**** Input ****

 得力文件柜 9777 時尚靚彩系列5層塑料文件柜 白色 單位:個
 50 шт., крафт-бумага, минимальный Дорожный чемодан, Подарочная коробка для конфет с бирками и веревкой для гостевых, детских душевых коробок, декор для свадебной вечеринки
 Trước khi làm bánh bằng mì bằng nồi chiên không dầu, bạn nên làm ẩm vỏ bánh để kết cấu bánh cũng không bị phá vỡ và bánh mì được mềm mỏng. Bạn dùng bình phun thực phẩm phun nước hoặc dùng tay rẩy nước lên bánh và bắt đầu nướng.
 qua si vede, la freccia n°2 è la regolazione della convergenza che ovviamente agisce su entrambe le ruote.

****
**** Input ****

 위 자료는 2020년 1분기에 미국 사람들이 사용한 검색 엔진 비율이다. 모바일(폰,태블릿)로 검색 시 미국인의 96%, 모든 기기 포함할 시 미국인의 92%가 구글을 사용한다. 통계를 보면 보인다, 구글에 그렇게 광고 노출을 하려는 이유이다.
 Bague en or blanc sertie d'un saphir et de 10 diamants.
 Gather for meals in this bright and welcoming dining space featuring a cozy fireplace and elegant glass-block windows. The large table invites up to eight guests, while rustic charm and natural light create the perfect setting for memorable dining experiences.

****

## [Exercise brief]
Begin with the line above that has "Trước khi làm" and continue through the line that has "qua si vede, la", setting each one down exactly. Stop there.

## [Solution for this task]
 Trước khi làm bánh bằng mì bằng nồi chiên không dầu, bạn nên làm ẩm vỏ bánh để kết cấu bánh cũng không bị phá vỡ và bánh mì được mềm mỏng. Bạn dùng bình phun thực phẩm phun nước hoặc dùng tay rẩy nước lên bánh và bắt đầu nướng.
 qua si vede, la freccia n°2 è la regolazione della convergenza che ovviamente agisce su entrambe le ruote.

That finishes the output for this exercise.